PROBLEM TO BE SOLVED: To inhibit the solidification of hydroxyapatite in tubes of tooth pastes or in pumps by allowing an aqueous suspension or solution containing calcium to react with a phosphorus-containing aqueous solution under special conditions. SOLUTION: An aqueous suspension or solution containing 1-70wt.% of calcium hydroxide or a calcium salt and an aqueous solution containing 5-90wt.% of phosphoric acid or a phosphate salt are mixed so that the Ca/P molar ratio may meet 1.60-1.70, to effect their reaction at a pH of 6-8 and a temperature of 90-100 deg.C for 30 minutes to 8 hours to give hydroxyapatite having a half width of <=0.5 at d=2.814 in the X-ray crystal analysis and a specific surface area of <=50m<2> /g.

Description

Detailed Description of the Invention

[0001]

BACKGROUND OF THE INVENTION 1. Field of the Invention The present invention relates to hydroxyapatite which is effective as a toothpaste compound for the purpose of preventing toothpaste from solidifying and a method for producing the same.

[0002]

2. Description of the Related Art Conventionally, hydroxyapatite has a theoretical formula.
It is represented by Ca ₁₀ (PO ₄ ) ₆ (OH) ₂ and has almost the same composition as the mineral component in the bone, and when it is embedded in the living body, it is converted into bone itself or chemically with surrounding autogenous bone. Combined with
Integrate. Utilizing this property, research on bone substitute materials coated on the surface of a metal structure and bone prosthesis materials using a sintered body has been advanced. In addition, it is a useful material as a lipid adsorbent in cosmetics, porcelain, a packing material for chromatography, a catalyst carrier, a separation base material, and the like.

Hydroxyapatite mixed in toothpaste promotes strengthening and remineralization of the tooth surface, polishing without damaging the tooth surface, and adhered plaque (lump of bacteria).
It is said to be extremely effective in terms of removing

As a method for producing the above hydroxyapatite, various methods such as a dry method, a hydrothermal method and a wet method are known.

The dry method is a method in which calcium phosphate such as Ca ₃ (PO ₄ ) ₂ and CaO are mixed and reacted at a high temperature of 1000 ° C. or higher under steam. By this method, hydroxyapatite with good crystallinity can be obtained, but there is a problem in the uniformity of the obtained crystals.

The hydrothermal method is a method in which CaHPO ₄ or aragonite is used as a raw material and heated at 200 ° C. or higher in an autoclave at several hundred atmospheric pressure to obtain a large single crystal.
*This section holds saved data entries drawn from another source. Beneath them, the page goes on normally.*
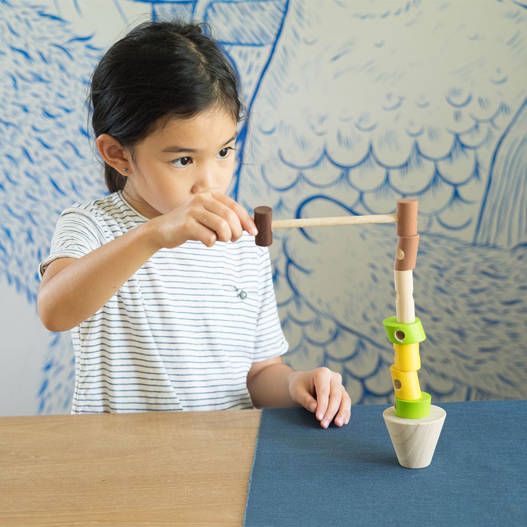 - strategically stack logs and develop fine motor skills all at the same time.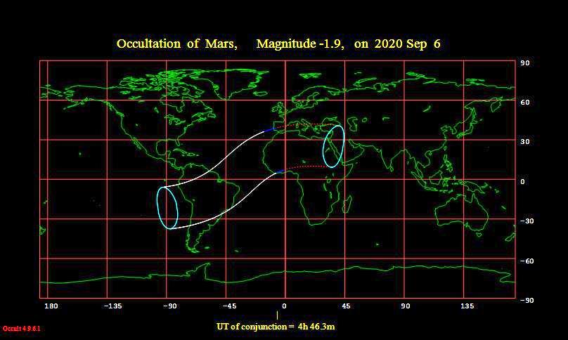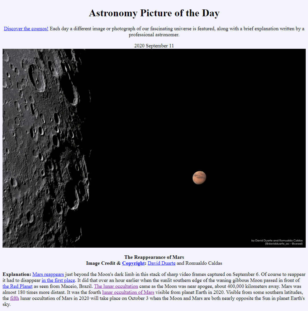 “Marte reaparece logo além do limbo escuro da Lua nesse empilhamento de nítidos quadros de vídeo capturados em 6 de setembro. É claro que, para reaparecer, primeiramente ele teve que desaparecer. Isso aconteceu mais de uma hora antes, quando a borda iluminada sul da Lua minguante passou em frente ao Planeta Vermelho, para observadores de Maceió, Brasil. A ocultação lunar ocorreu quando a Lua estava perto do apogeu, a cerca de 400 mil quilômetros de distância. Marte estava quase 180 vezes mais distante. Foi a quarta ocultação lunar de Marte visível a partir da Terra em 2020. Foi visível de algumas latitudes ao sul, a quinta ocultação lunar de Marte em 2020 ocorrerá em 3 de outubro, quando a Lua e Marte estão ambos quase opostos ao Sol no céu do planeta Terra.”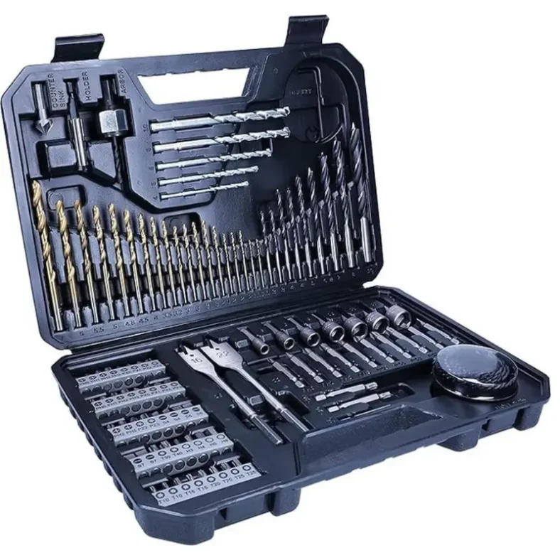 El set se completa con sierras de corona, brocas fresadoras planas, soporte universal, llaves de vaso y llave Allen, permitiendo afrontar una gran variedad de trabajos con facilidad. Es compatible con taladros manuales y estacionarios, con o sin cable, y las puntas sirven para cualquier atornillador eléctrico, lo que lo convierte en un conjunto muy práctico y versátil 💪🧰.

However,
This method has a problem that a high-pressure heat-resistant container is required and the reaction takes a long time.

Furthermore, the wet method is a method in which a calcium salt aqueous solution and a phosphate aqueous solution or calcium hydroxide and phosphoric acid are mixed and reacted, and then aging is performed, and very fine crystals are obtained. However, the wet method has the following problems as in the dry method and the hydrothermal method.

1) A high temperature and long time aging process is required.

2) Stoichiometric of hydroxyapatite
Ca / P is 1.67. However, in the process in which amorphous calcium phosphate (Ca / P (molar ratio) = 1.48 to 1.67), calcium ion-deficient hydroxyapatite, calcium octaphosphate, etc. are transferred to hydroxyapatite crystals by aging, crystallization rate, Since it is easily affected by temperature, pH, aging time, aging temperature, and many other factors, the Ca / P molar ratio of hydroxyapatite crystals varies within the range of 1.48 to 1.67, resulting in powder. It is also difficult to obtain uniform properties.

3) The hydroxyapatite obtained has a low crystallinity, the X-ray crystal diffraction peak of the powder is broad, and only a half-width value is large.

4) The specific surface area of the obtained hydroxyapatite is as large as 50 to 150 m ² / g.

5) The toothpaste containing the obtained hydroxyapatite is solidified in the toothpaste tube by being reacted with other components or being influenced by ions under certain temperature conditions, and is squeezed out. The phenomenon that it is not possible occurs.

[0013]

As described above, the hydroxyapatite that has been known so far has a variation in the Ca / P molar ratio of crystals, and it is difficult to obtain uniform powder properties. Since it was too large, it was not suitable for addition to toothpaste.

The present invention is a novel hydroxyapatite,
It is an object of the present invention to provide a manufacturing method thereof, a toothpaste containing the hydroxyapatite, and a toothpaste compounding agent containing the hydroxyapatite.

[0015]

The present invention has been earnestly studied in order to solve the above problems. As a result, in the wet production method, an aqueous suspension or aqueous solution containing at least one selected from the group consisting of calcium hydroxide and calcium salt and at least one selected from the group consisting of phosphoric acid and phosphate are prepared. It has been found that hydroxyapatite in which the above problems have been greatly reduced or substantially eliminated can be obtained by causing the contained aqueous solution to react under a certain condition to cause precipitation.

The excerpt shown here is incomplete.